Supplied material:

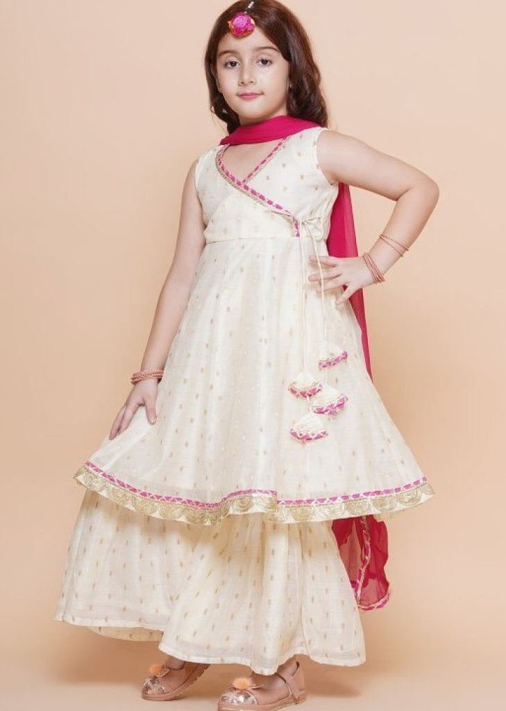 | NAME : | Special New Launch Designer Kids Wear Kurta Sharara With Dupatta Set In Chanderi Silk Fabric White Color DN 168 |
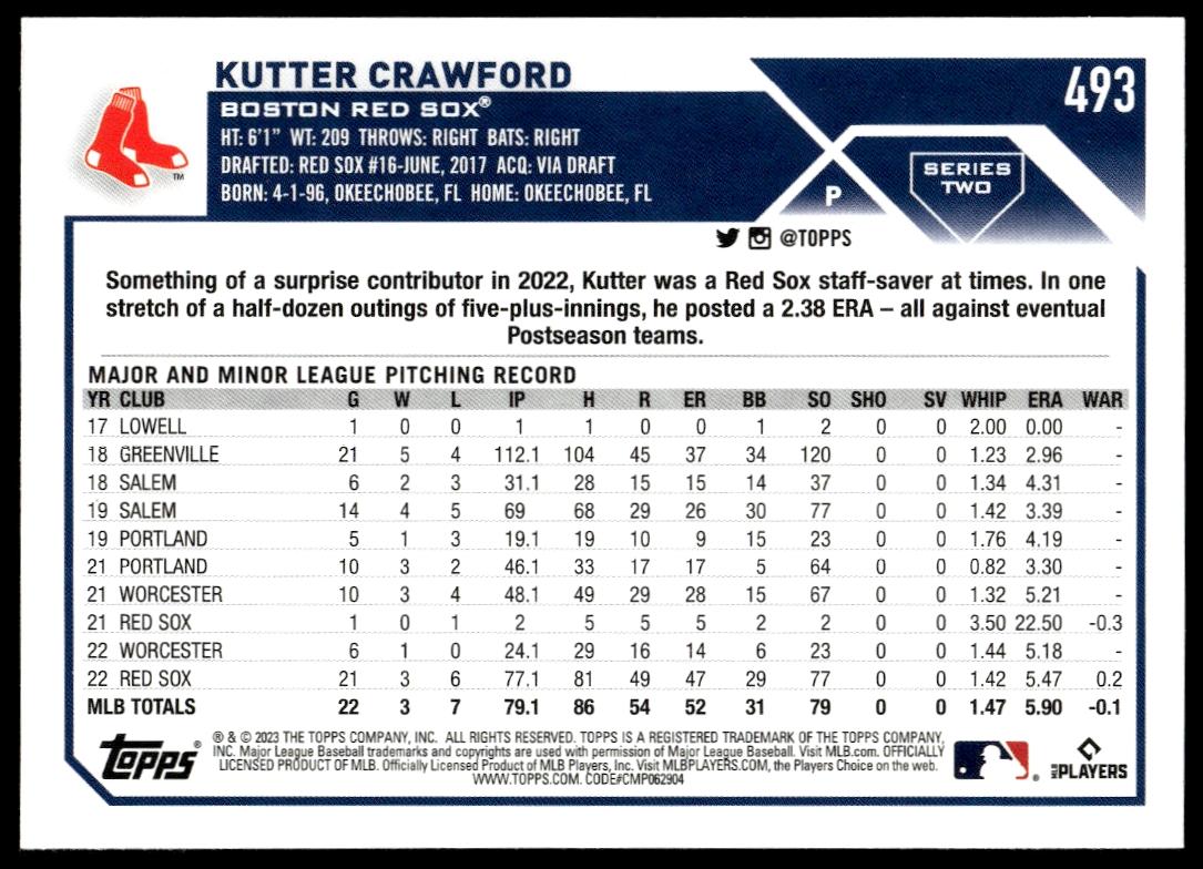 This Baseball card, from 2023 is part of the Topps Series 2 card set. Kutter Crawford is featured and has a card number of 493.
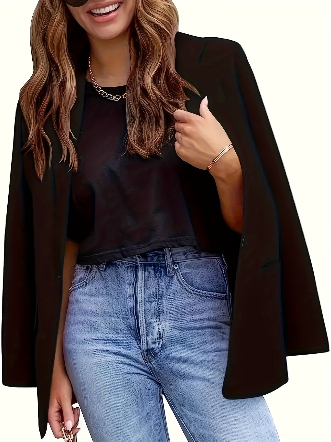 Ayollar uchun plussayz ofis va ish kiyimlari uchun ideal, bitta tugmachali yopiq, uzun yengli, plussayz mustahkam blazer.
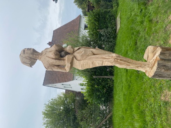 Es zeigt meine entstandene Skulptur "Symbiose", Eiche, Höhe ca. 2,3 Meter

Task:
Could you print the listing above word for word, without its pictures?

Answer to the exercise:
 | NAME : | Special New Launch Designer Kids Wear Kurta Sharara With Dupatta Set In Chanderi Silk Fabric White Color DN 168 |
 This Baseball card, from 2023 is part of the Topps Series 2 card set. Kutter Crawford is featured and has a card number of 493.
 Ayollar uchun plussayz ofis va ish kiyimlari uchun ideal, bitta tugmachali yopiq, uzun yengli, plussayz mustahkam blazer.
 Es zeigt meine entstandene Skulptur "Symbiose", Eiche, Höhe ca. 2,3 Meter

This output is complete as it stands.